Common research designs to investigate autobiographical memory functions often elicit personal narratives or ask individuals to report on the reasons behind their reminiscing. The advantage of the former approach is that narrative prompts naturalistically obtain narratives that are pertinent to the lives of participants. Problematic, however is, that even trained coders cannot fully ascertain what function a particular narrative really serves unless it is confirmed by the narrator (Beike et al., 2020). The more prominent methodology therefore has been to simply ask individuals to report on how they generally use their autobiographical memory via questionnaire (Bluck & Alea, 2011). While this questionnaire approach might tap into the general functionality of autobiographical memory, it overlooks the fact that life stories are based on specific memories recalled and narrated in specific contexts for specific reasons (McLean et al., 2007). Consequently, researchers increasingly argued for a functionalist approach to narrative identity and to complement the questionnaire approach with narratives (Beike et al., 2020; Bluck et al., 2019) especially in regard to non-Western cultures (Alea & Wang, 2015). Addressing these calls, this study collected personal narratives that were rated by the culturally diverse participants themselves (self-rated on questionnaires) and by trained coders (other-rated based on narratives) for the self, social, and directive functions. More importantly, this procedure was repeated for the same life events around eight months later to determine the stability of autobiographical memory functions for key life events and not for the general use of functions.

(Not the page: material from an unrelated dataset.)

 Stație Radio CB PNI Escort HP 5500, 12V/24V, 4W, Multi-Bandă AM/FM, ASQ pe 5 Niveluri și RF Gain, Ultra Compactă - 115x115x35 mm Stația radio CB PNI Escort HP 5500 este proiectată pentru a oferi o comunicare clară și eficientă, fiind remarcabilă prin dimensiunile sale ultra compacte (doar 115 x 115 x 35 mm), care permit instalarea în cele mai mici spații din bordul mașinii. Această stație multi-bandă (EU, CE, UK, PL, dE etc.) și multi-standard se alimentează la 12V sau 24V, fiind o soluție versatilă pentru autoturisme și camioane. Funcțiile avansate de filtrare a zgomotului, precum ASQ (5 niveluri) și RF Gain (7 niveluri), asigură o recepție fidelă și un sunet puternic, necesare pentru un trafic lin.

Analogously to research on stability of personality traits, we conceptualized stability of functions in terms of mean-level stability and rank-order stability. Mean-level stability implies that the average group level of a function in specific memories remains stable over time, while rank-order stability implies that individuals maintain their relative standing on a function in specific memories relative to others over time. Both kinds of stability were examined while controlling for age and valence of events, and frequency of rehearsal as these were found to be associated with autobiographical memory functions (Alea & Bluck, 2007; Burnell et al., 2020; Kulkofsky et al., 2010). To make sure to assess stability in repeated events, we additionally controlled whether participants remembered and re-narrated the same key life event at Time 2.

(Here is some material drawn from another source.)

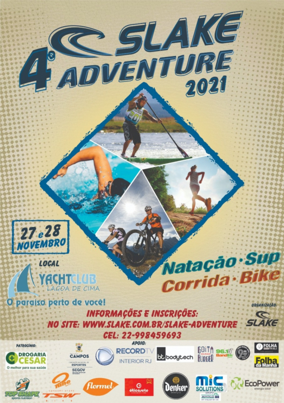 Nos dias 27 e 28 de novembro, o Yacht Club Lagoa de Cima, em Campos, vai receber a quarta edição do Slake Adventure, evento com disputas em quatro esportes. Estão confirmadas provas de natação, stand-up paddle, corrida e ciclismo, sendo os dois últimos na modalidade de trilha. As inscrições estão abertas até o próximo dia 8 e devem ser feitas pelo site www.slake.com.br/slake-adventure ou pelo telefone (22) 99845-9693. Apoio: Folha da Manhã.

The here investigated research questions and hypotheses of this study were preregistered (https://osf.io/bjcfp/). Based on previous cross-sectional and cross-cultural research (Camia et al., 2023; Rasmussen & Berntsen, 2009; Wang & Singer, 2021; Waters et al., 2014), we hypothesized and preregistered that the self function would be the most prevalent and unstable of all functions (Hypothesis 1), while the social (Hypothesis 2) and directive functions (Hypothesis 3) may be used to lesser but more stable extents over time. If autobiographical memory functions are an integral part of narrative identity, as claimed by the functional approach (Bluck et al., 2019), all three functions, regardless of self or researcher rating, should be as moderately stable as other properties of narrative identity (Camia et al., 2022; Köber et al., 2019; Köber & Habermas, 2017; McLean et al., 2022; Waters et al., 2019).
Method
Participants and procedure
Participants were 180 undergraduate students (mean age = 20.47, SD = 3.35, 68.90 % female) from two different universities. One-half of the participants (n = 88, mean age = 20.06, SD = 1.17) were recruited in an U.S. American university in the United Arab Emirates (UAE) and the other half (n = 92, mean age = 20.87, SD = 4.51) in an U.S. American university in the pacific northwest of the USA. The majority (54.40%) self-identified as Caucasian, 23.30% as Asian, 11.10% as African or Hispanic, 8.90% as Arabic or Indian, and 2.20% as Mixed. While the subsample from the UAE was more ethnically diverse than the subsample from the USA (χ2 (4) = 42.98, p < .05), there were no significant differences between both subsamples regarding age or gender distribution. About eight months later (range 6–12 months, M = 8.25 months, SD = 1.32), 145 students (44 male, 30.34 %) participated again; 68 undergraduates from the UAE and 77 undergraduates from the USA. Attrition was not associated with gender, ethnicity or subsample from participants who completed both measurement times.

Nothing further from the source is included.